A defesa dos investigados, por outro lado, sustenta que o parecer do Ministério Público não representa sentença e não possui efeito automático de cassação. A posição da defesa é de que qualquer conclusão sobre perda de mandato depende de decisão judicial, garantindo-se o direito ao contraditório, à ampla defesa e a eventual recurso.
Até que a Justiça Eleitoral se manifeste, Wesley Pitt e Hamilton Torres seguem no exercício dos cargos de prefeito e vice-prefeito de Conceição do Pará. A manifestação do Ministério Público é uma etapa relevante dentro do processo, mas não altera, por si só, a composição atual do Executivo municipal.
Caso a Justiça Eleitoral acolha o pedido do Ministério Público, os diplomas de prefeito e vice poderão ser cassados. A depender do teor da decisão e da fase processual, também poderá haver aplicação de inelegibilidade por oito anos e discussão sobre os efeitos imediatos ou não da sentença.
Em situações envolvendo cassação de chapa majoritária, uma eventual decisão confirmada pelas instâncias competentes pode levar à realização de nova eleição para escolha de prefeito e vice. No entanto, essa possibilidade depende do julgamento do caso, dos recursos cabíveis e da definição da Justiça Eleitoral sobre os efeitos da decisão.
O caso tem gerado repercussão política em Conceição do Pará e na região Centro-Oeste de Minas. A possibilidade de mudança no comando do Executivo municipal mobiliza lideranças, apoiadores, adversários políticos e moradores, principalmente pelo impacto institucional que uma ação eleitoral desse tipo pode provocar.
A Ação de Investigação Judicial Eleitoral é um instrumento previsto na legislação para apurar condutas que possam comprometer a legitimidade das eleições. Ela pode ser usada em casos de suspeita de abuso de poder econômico, abuso de poder político, uso indevido dos meios de comunicação e outras práticas capazes de desequilibrar a disputa.
No entendimento do Ministério Público Eleitoral, os fatos considerados comprovados no processo teriam gravidade suficiente para justificar a cassação dos diplomas. O órgão avalia que a realização de eventos com oferta gratuita de alimentos, bebidas, música e presença de campanha, especialmente na reta final da eleição, teria afetado a igualdade entre os candidatos.

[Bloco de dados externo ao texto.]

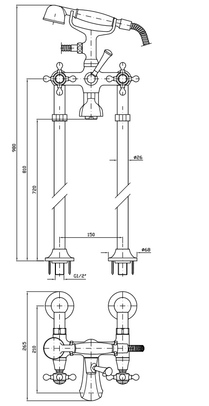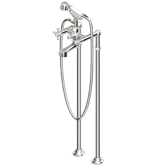 Bateria wannowo - natryskowa wolnostojąca z przełącznikiem, zestawem prysznicowym i kolumnami.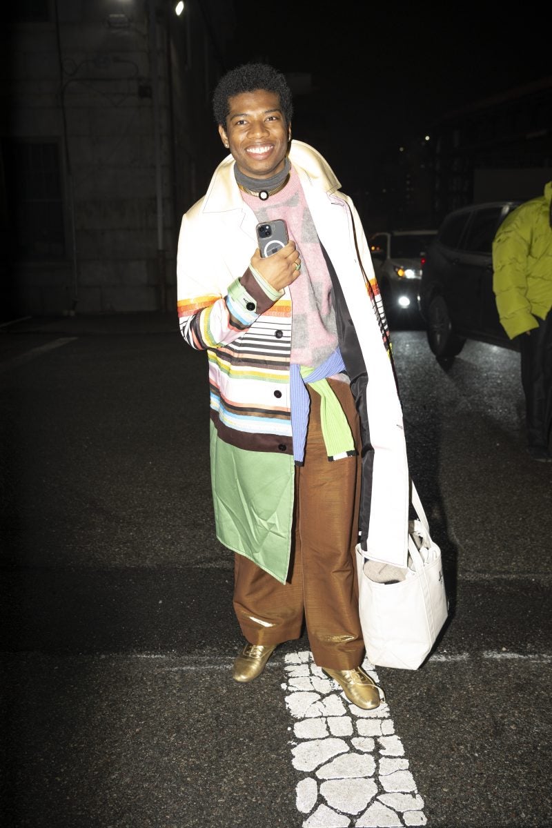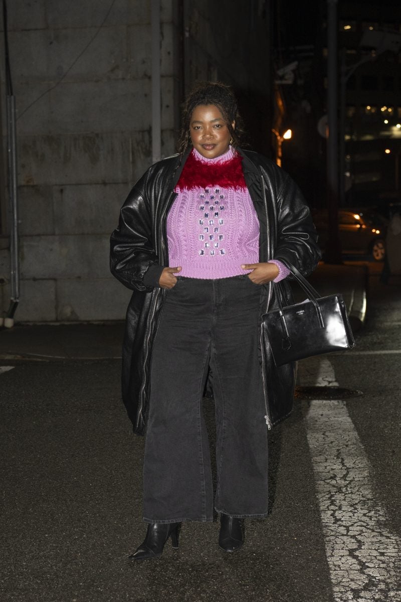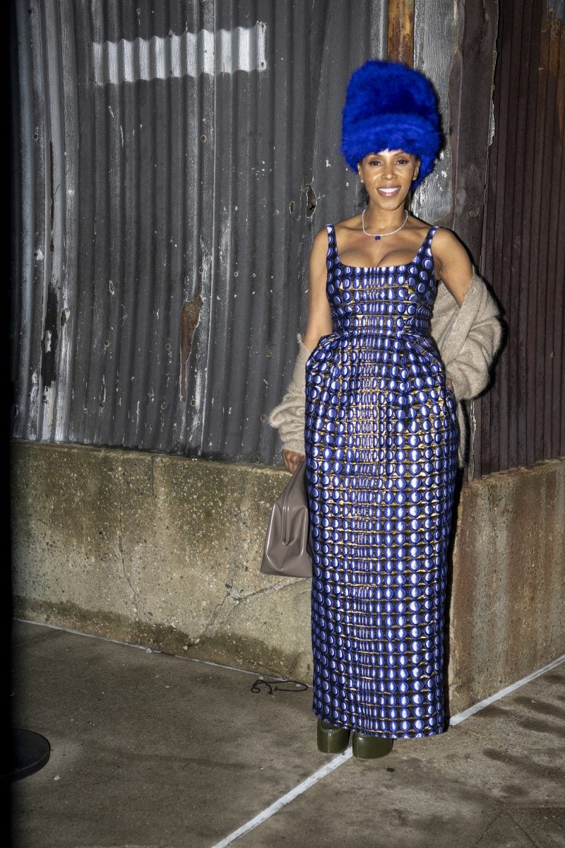 Following a two-year hiatus, people were eager to see what Christopher John Rodgers would show at his first collection back on the runway. Stylist and costume designer June Ambrose made a statement with her outfit, featuring an ankle-length dress adorned with blue dots in a geometric pattern, highlighted by yellow scratches woven throughout the design. True to her signature style, she completed the look with a towering hat and platform shoes. Style extraordinaire Gabriella Kareefa-Johnson also attended the show in a pink cable-knit sweater, embellished with silver jewels at the center and featuring a red fur trim along the neckline. She layered the look with a black leather trench for warmth, paired with black jeans, boots, and a sleek black Prada bag, allowing the sweater to be the focal point of the outfit.

Por outro lado, a Justiça Eleitoral ainda deverá avaliar se as provas reunidas são suficientes para comprovar as irregularidades e se houve gravidade capaz de comprometer a normalidade do pleito. Essa análise será decisiva para definir se o pedido do MPE será acolhido ou rejeitado.
O processo segue em tramitação, e as partes ainda podem se manifestar conforme os prazos legais. Mesmo em caso de decisão desfavorável em primeira instância, prefeito e vice poderão recorrer às instâncias superiores da Justiça Eleitoral, buscando reverter ou suspender eventuais efeitos da sentença.
Enquanto não houver decisão judicial, o caso deve ser tratado como uma manifestação do Ministério Público Eleitoral dentro de uma ação em andamento. Não há, até o momento, cassação efetivada, perda de mandato ou afastamento dos gestores.
A expectativa agora é pela sentença da Justiça Eleitoral. O julgamento deverá definir se os fatos apontados pelo Ministério Público configuram abuso de poder econômico e captação ilícita de votos, ou se as acusações serão rejeitadas. Até lá, o cenário permanece juridicamente indefinido, embora politicamente sensível para Conceição do Pará.